Depth-Anything
Depth-Anything copied to clipboard
Significance of Focal Parameter
Hello, Thanks for open sourcing this amazing work. I'm interested in fine-tuning DepthAnything for metric depth.
I checked the metric_depth/train_test_inputs/kitti_eigen_train_files_with_gt.txt
file and saw the focal parameter. E.g.
2011_09_26/2011_09_26_drive_0057_sync/image_02/data/0000000116.png 2011_09_26_drive_0057_sync/proj_depth/groundtruth/image_02/0000000116.png 721.5377
2011_10_03/2011_10_03_drive_0034_sync/image_02/data/0000000978.png 2011_10_03_drive_0034_sync/proj_depth/groundtruth/image_02/0000000978.png 718.856
During dataloading this parameter is read from the files and send along with the image, ground truth in a batch. E.g. https://github.com/LiheYoung/Depth-Anything/blob/f419b7db90b26b2855280c4da484778c4fac759f/metric_depth/zoedepth/data/data_mono.py#L294
However I do not see "focal" being used anywhere during forward pass or loss calculations.
During evaluate.py
, focal is hard-coded but never used in any calculations. e.g.

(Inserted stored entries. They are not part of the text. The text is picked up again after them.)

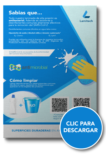 Asepsia e Higiene para superficies libres de bacterias, altamente resistentes a productos de limpieza y desinfección fuertes.*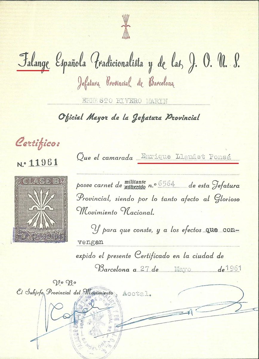 1961 - Enrique LLaudet es elegido presidente del Fútbol Club Barcelona. El siguiente archivo de la Federación de Fútbol Catalana demuestra cómo el nuevo mandatario azulgrana pertenecía a la Falange.
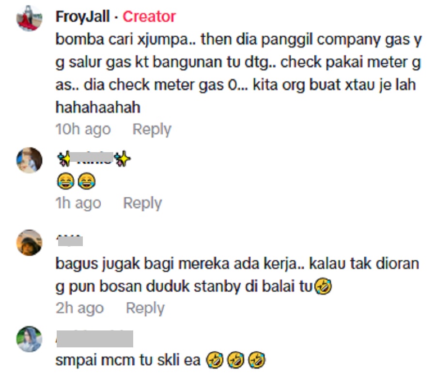 âBomba cari tak jumpa. Lepas tu dia panggil syarikat gas yang salur gas di bangunan tu datang. Check pakai meter gas, bacaan 0. Kita orang buat tak tahu je lah,â kongsi Faroy sambil ketawa.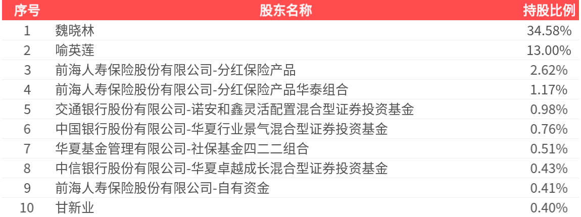 公司股东户数为2.34万户,前十大股东持股数量为1.68亿股,占总股本比例为54.87%,前十大股东持股情况如下: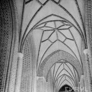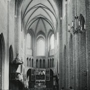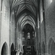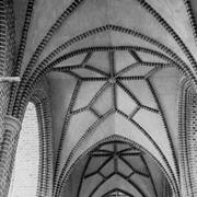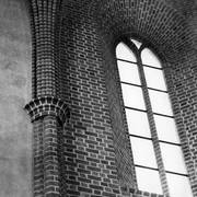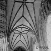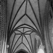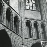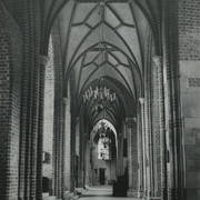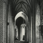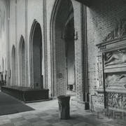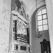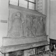 Fragment południowej ściany nawy głównej z nagrobkiem piętrowym Janusza i Anny Przecławskich sprowadzonym ze zrujnowanego kościoła pw. Ścięcia św. Jana Chrzciciela w Chojnicy1969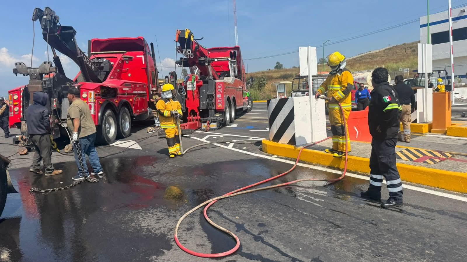 Tenango del Valle, Méx.- Todos los protocolos de emergencia fueron activados, luego de que una pipa cisterna de doble remolque registró una fuerte fuga de gasolina en la autopista Tenango–Ixtapan de la Sal, a la altura de la caseta de La Finca, lo que provocó el cierre total de la vialidad en ambos sentidos.
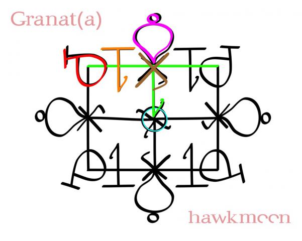 Работа из моей серии Восточных Сказок. Состоит из глифов Царя Давида и алфавита Ицхака. По глифам не разбирать, рисовать целиком как картинку. Порядок нанесения ниже на картинке показан цветом и описан.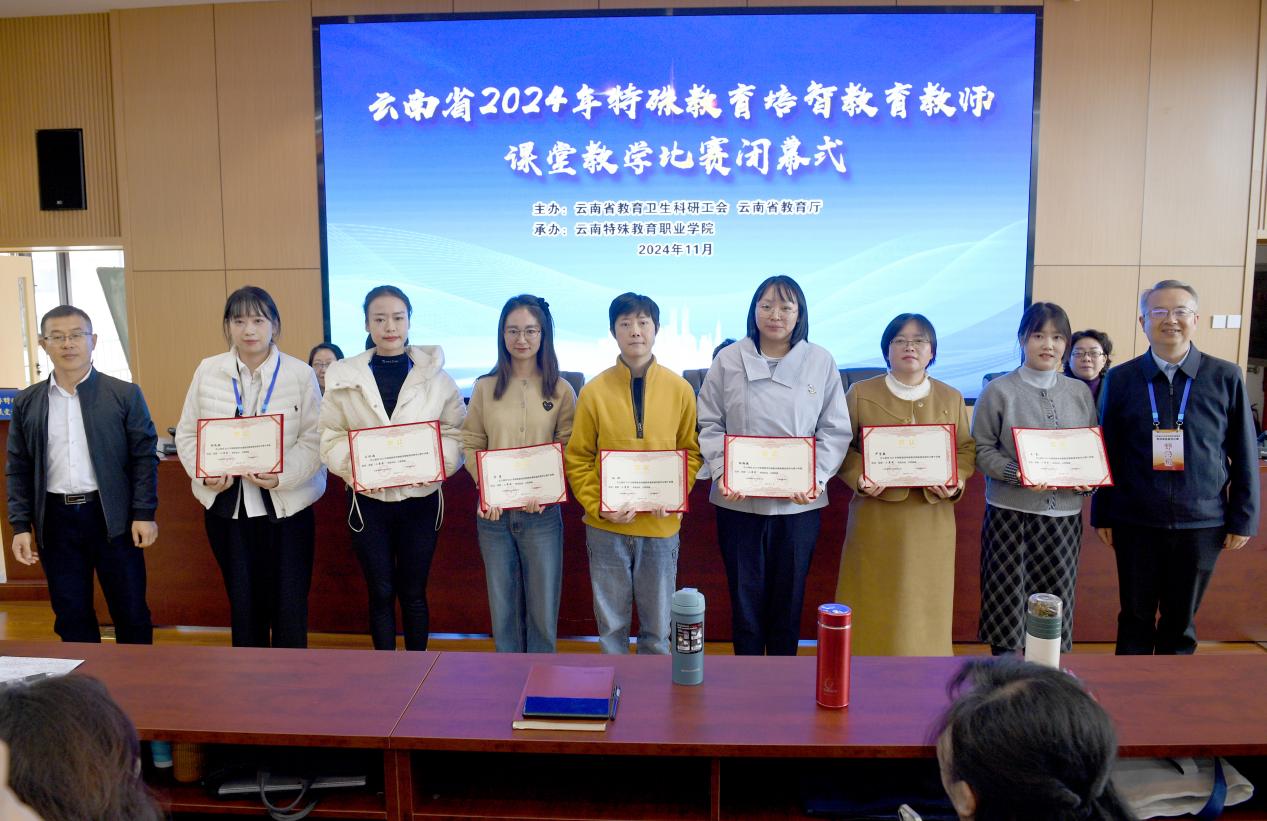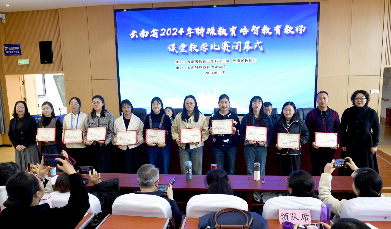 本次大赛共有来自云南省各州市特殊教育领域的17支代表队的35名教师参赛,经过第一阶段的选拔赛后脱颖而出进入第二阶段说课比赛环节,最终取两场比赛的平均分一决高下。赛场上,老师们尽显风采,展现出了非凡的专业素养和对培智教育事业的满腔热忱。比赛至20日上午结束,评选出一等奖4名,二等奖7名,三等奖10名。

focal = sample.get('focal', torch.Tensor( [715.0873]).cuda()) # This magic number (focal) is only used for evaluating BTS model
pred = infer(model, image, dataset=sample['dataset'][0], focal=focal)
Could you please clarify:
Is focal parameter really necessary for finetuning depth anything for metric depth usecase? How to calculate the focal parameter for a dataset from e.g. camera information? or what information i need to calculate focal parameter for each image?
Thanks
I changed focal length during metric depth estimation (kitti) and saw no impact.
The focal length seems to be useful when using BTS for getting the metric data. As they have kinda reused the code from BTS, they have left it there. In this inference (Depth-Anything/metric_depth), ZoeDepth is used instead of BTS and it doesn't use focal length for inference. @LiheYoung can confirm this information.